### YOUR INSTRUCTIONS
Reproduce exactly the lines from the top of the records below through the line holding "Entry data berupa".

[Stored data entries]

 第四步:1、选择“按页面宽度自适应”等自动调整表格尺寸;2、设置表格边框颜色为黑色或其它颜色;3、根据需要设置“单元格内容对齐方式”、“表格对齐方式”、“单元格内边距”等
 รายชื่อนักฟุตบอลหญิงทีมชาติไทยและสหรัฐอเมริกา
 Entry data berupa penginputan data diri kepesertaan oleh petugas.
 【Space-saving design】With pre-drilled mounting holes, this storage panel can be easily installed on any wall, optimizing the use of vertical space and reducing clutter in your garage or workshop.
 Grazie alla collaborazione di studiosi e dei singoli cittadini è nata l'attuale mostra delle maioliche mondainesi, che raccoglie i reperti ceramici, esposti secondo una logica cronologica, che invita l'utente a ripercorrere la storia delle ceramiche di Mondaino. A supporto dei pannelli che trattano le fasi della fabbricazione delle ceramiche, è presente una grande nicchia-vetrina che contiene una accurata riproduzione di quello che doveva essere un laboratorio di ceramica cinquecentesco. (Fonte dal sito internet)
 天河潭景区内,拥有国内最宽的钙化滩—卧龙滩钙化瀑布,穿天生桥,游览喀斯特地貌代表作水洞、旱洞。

### RESULT OF THE EXERCISE
 第四步:1、选择“按页面宽度自适应”等自动调整表格尺寸;2、设置表格边框颜色为黑色或其它颜色;3、根据需要设置“单元格内容对齐方式”、“表格对齐方式”、“单元格内边距”等
 รายชื่อนักฟุตบอลหญิงทีมชาติไทยและสหรัฐอเมริกา
 Entry data berupa penginputan data diri kepesertaan oleh petugas.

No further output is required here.